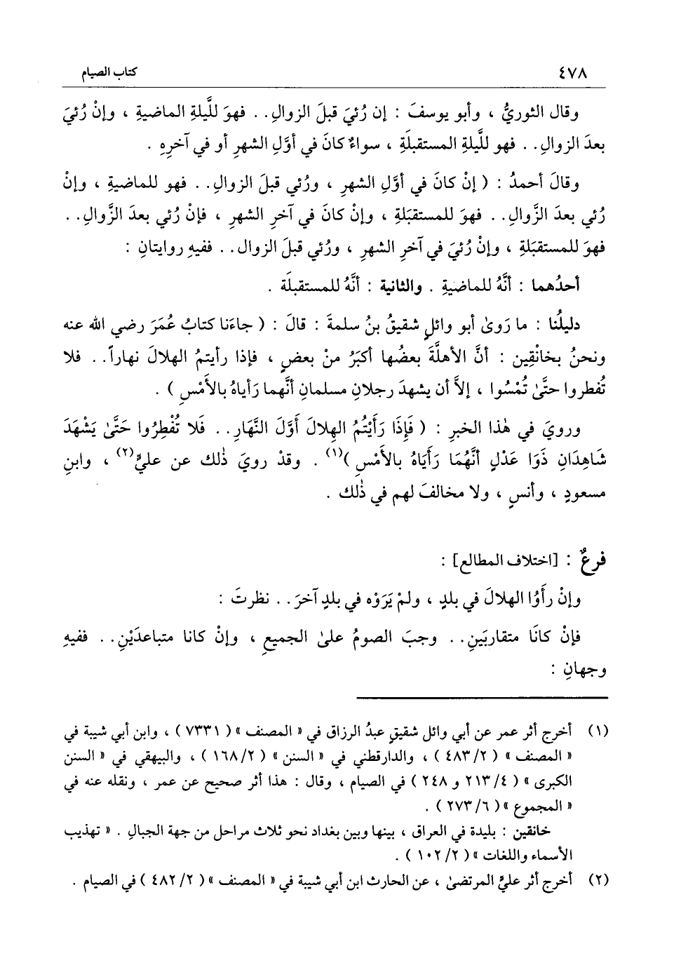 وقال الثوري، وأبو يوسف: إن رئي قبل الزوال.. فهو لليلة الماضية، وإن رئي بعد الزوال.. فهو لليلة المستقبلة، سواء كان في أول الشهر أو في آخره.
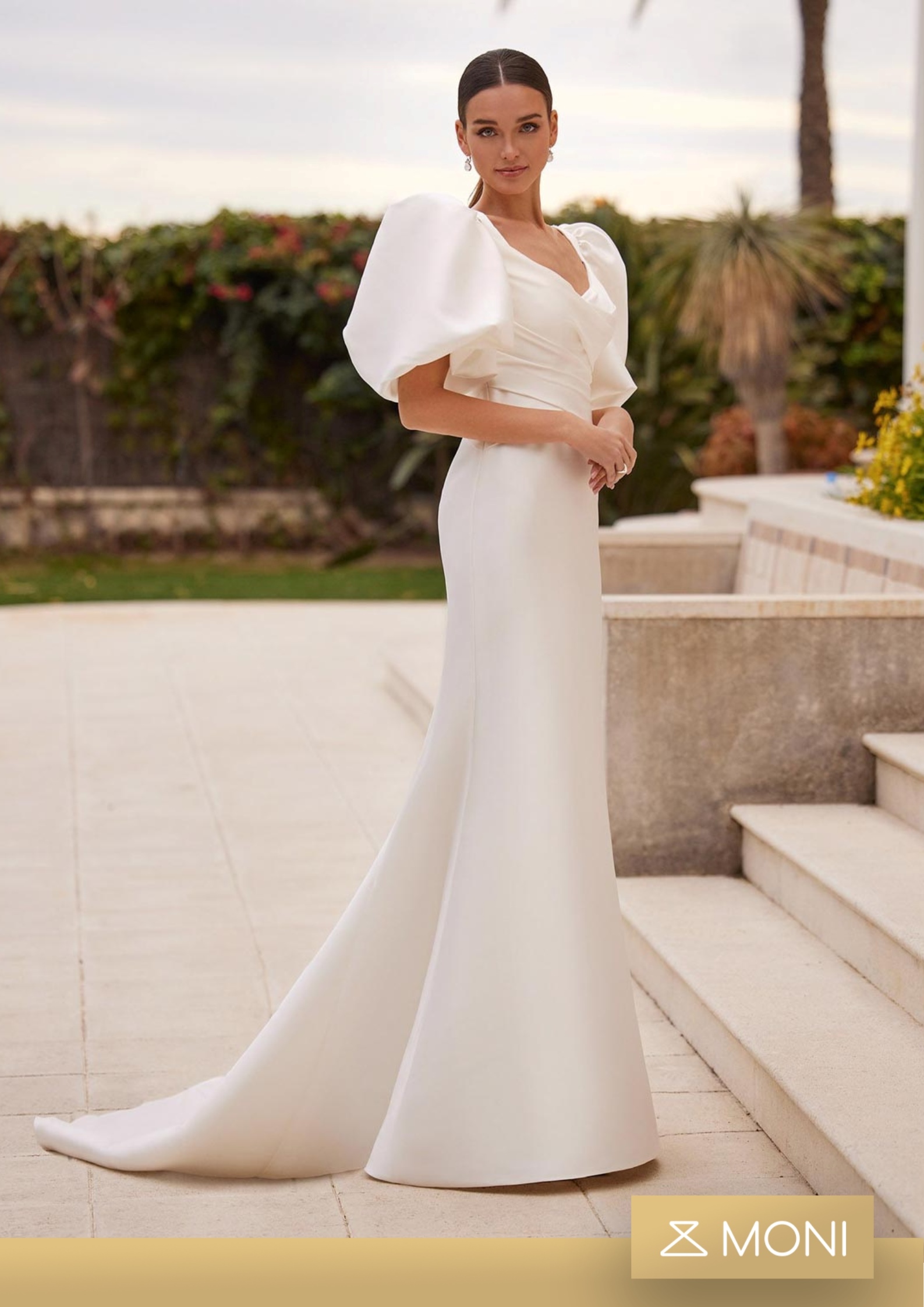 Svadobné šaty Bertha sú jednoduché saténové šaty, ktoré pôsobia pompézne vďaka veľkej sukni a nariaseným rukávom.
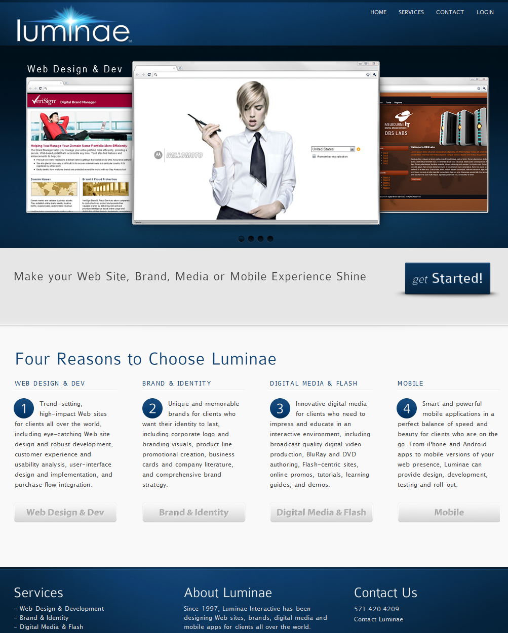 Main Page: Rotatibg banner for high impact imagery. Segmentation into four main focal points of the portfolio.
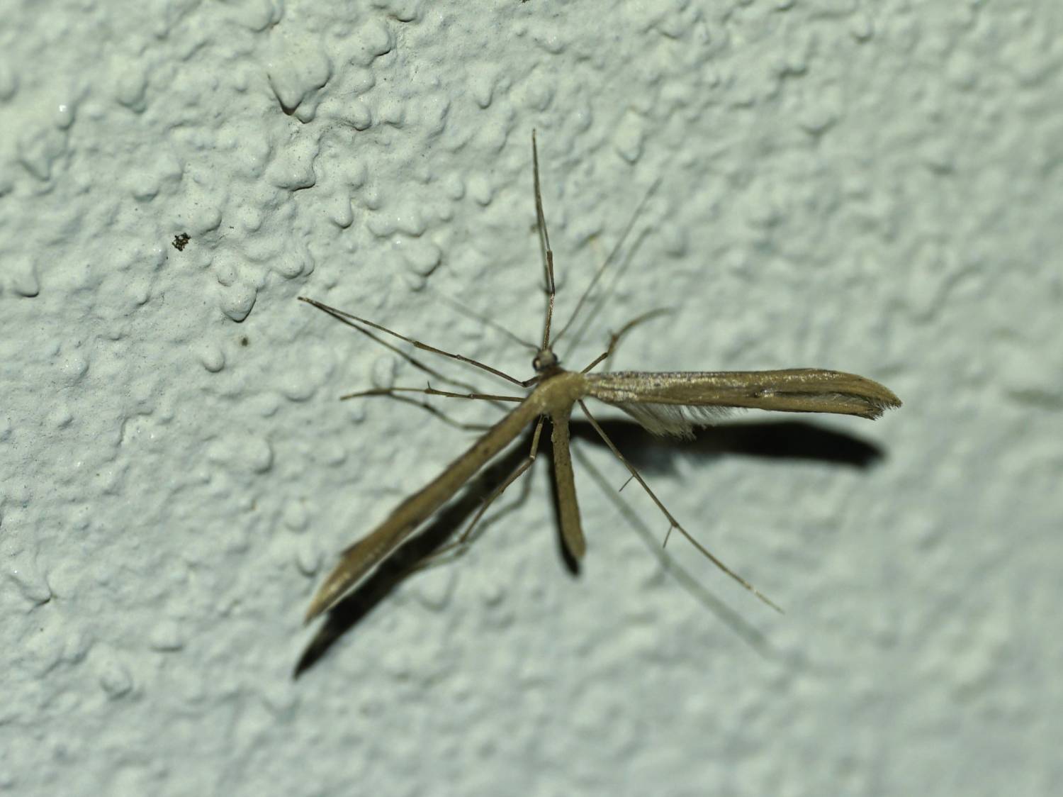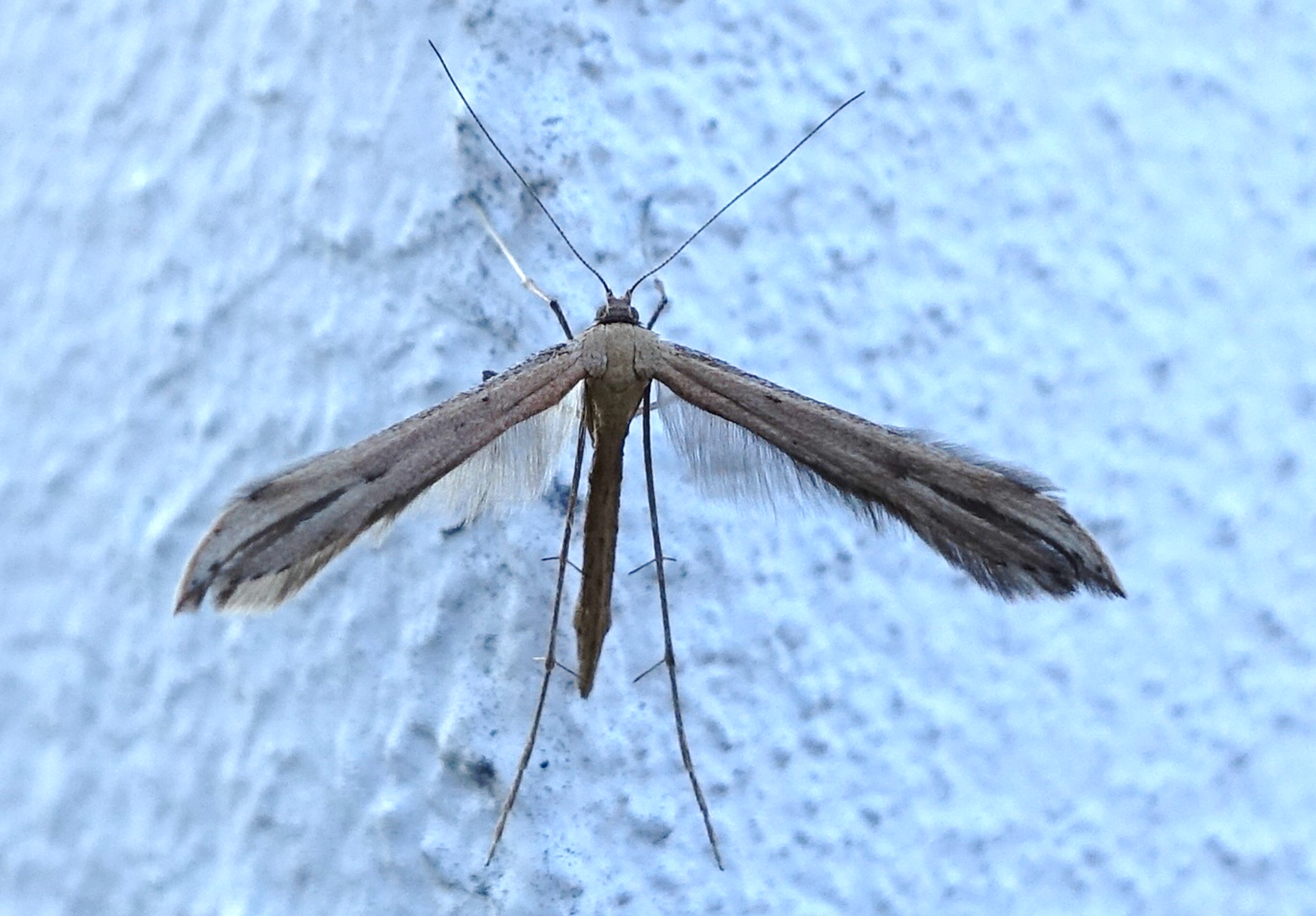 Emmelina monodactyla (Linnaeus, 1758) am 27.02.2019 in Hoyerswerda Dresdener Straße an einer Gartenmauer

--

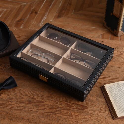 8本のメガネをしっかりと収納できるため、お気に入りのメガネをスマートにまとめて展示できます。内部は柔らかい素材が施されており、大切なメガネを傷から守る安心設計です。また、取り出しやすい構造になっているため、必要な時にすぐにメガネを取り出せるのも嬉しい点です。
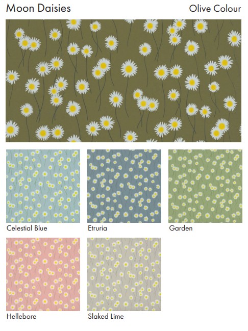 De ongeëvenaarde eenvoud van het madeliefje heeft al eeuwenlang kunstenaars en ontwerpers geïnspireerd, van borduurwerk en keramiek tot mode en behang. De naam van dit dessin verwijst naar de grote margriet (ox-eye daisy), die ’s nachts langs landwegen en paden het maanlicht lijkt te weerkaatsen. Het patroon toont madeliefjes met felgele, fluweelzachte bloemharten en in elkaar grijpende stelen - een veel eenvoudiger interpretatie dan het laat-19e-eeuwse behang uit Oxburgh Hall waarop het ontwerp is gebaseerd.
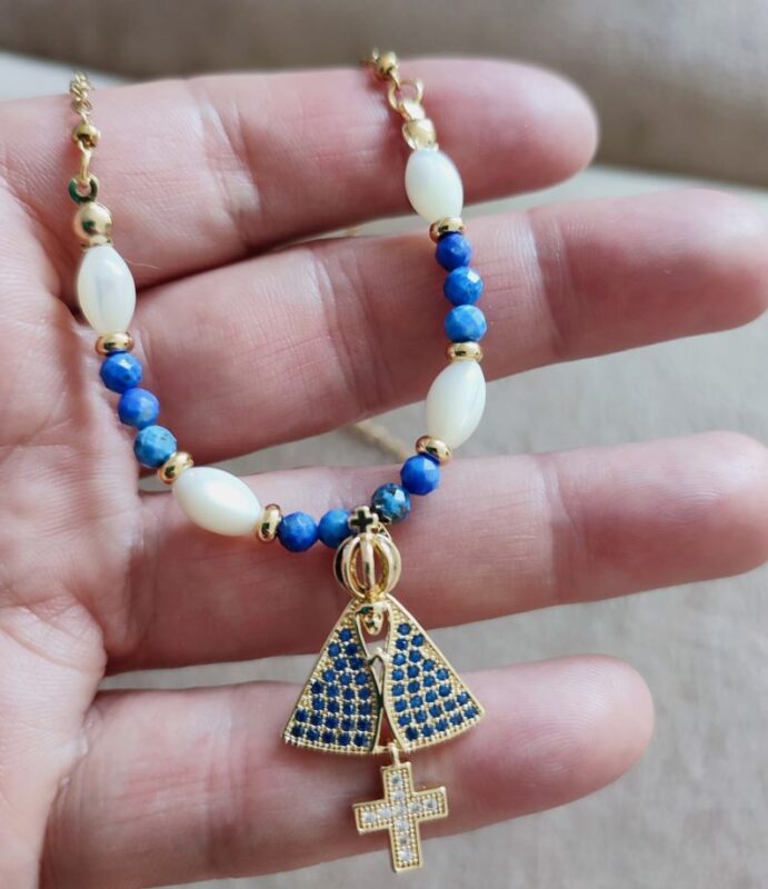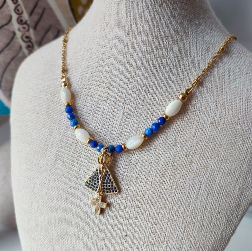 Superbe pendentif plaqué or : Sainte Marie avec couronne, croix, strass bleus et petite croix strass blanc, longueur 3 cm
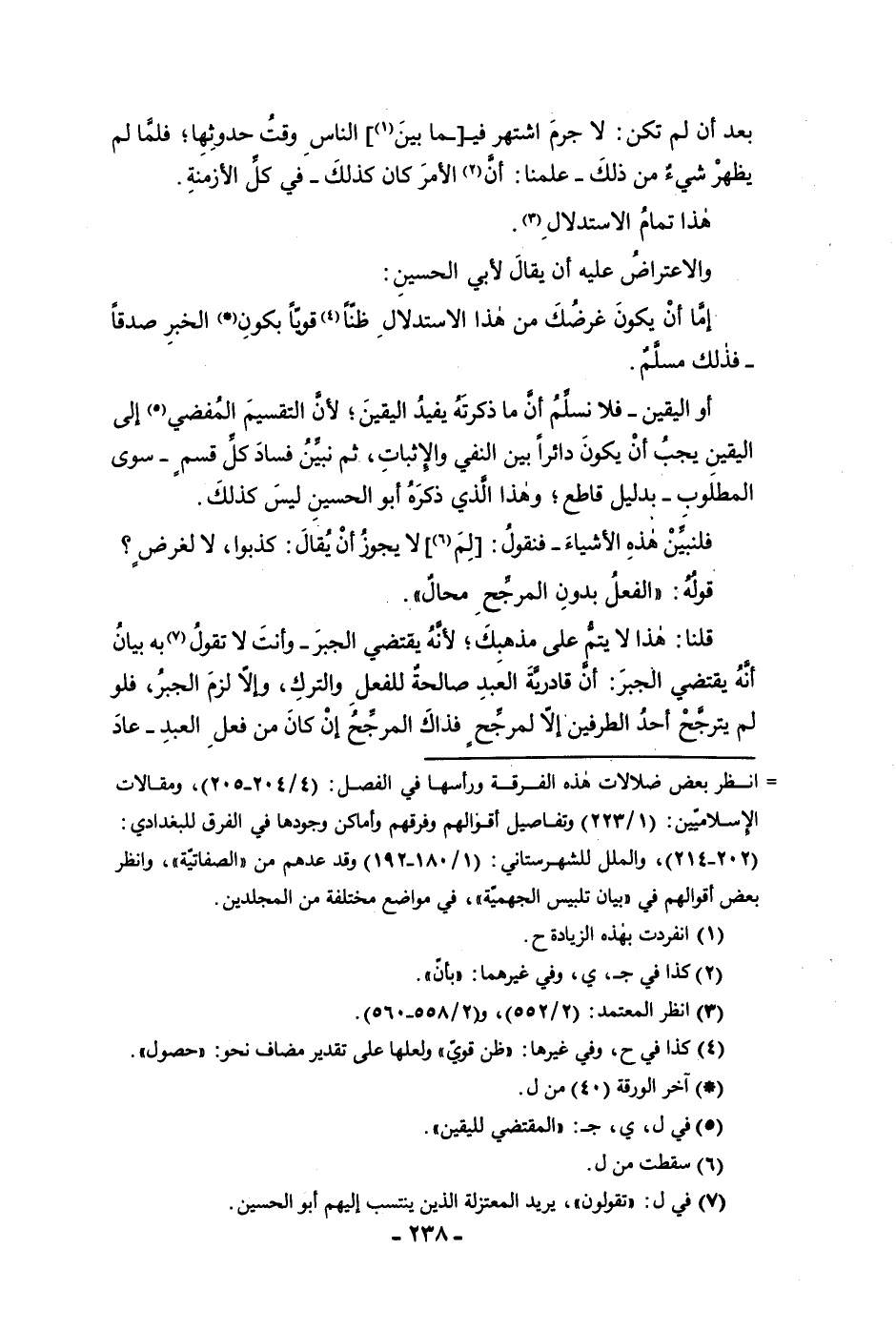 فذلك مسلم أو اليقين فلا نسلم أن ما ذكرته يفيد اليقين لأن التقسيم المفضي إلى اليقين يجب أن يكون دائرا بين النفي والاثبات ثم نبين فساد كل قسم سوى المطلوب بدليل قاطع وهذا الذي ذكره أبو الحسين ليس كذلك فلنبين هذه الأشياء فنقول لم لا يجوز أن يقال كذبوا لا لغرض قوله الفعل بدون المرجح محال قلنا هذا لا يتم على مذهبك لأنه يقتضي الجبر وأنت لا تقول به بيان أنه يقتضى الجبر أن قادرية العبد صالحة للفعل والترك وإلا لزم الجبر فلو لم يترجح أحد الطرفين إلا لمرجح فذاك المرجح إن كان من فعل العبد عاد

- EXERCISE AIM
Reproduce the data above exactly, but only the lines from the one showing "وقال الثوري، وأبو" through the one showing "Emmelina monodactyla (Linnaeus, 1758)", with both ends kept and the pictures left out.

- COMPLETED EXERCISE
 وقال الثوري، وأبو يوسف: إن رئي قبل الزوال.. فهو لليلة الماضية، وإن رئي بعد الزوال.. فهو لليلة المستقبلة، سواء كان في أول الشهر أو في آخره.
 Svadobné šaty Bertha sú jednoduché saténové šaty, ktoré pôsobia pompézne vďaka veľkej sukni a nariaseným rukávom.
 Main Page: Rotatibg banner for high impact imagery. Segmentation into four main focal points of the portfolio.
 Emmelina monodactyla (Linnaeus, 1758) am 27.02.2019 in Hoyerswerda Dresdener Straße an einer Gartenmauer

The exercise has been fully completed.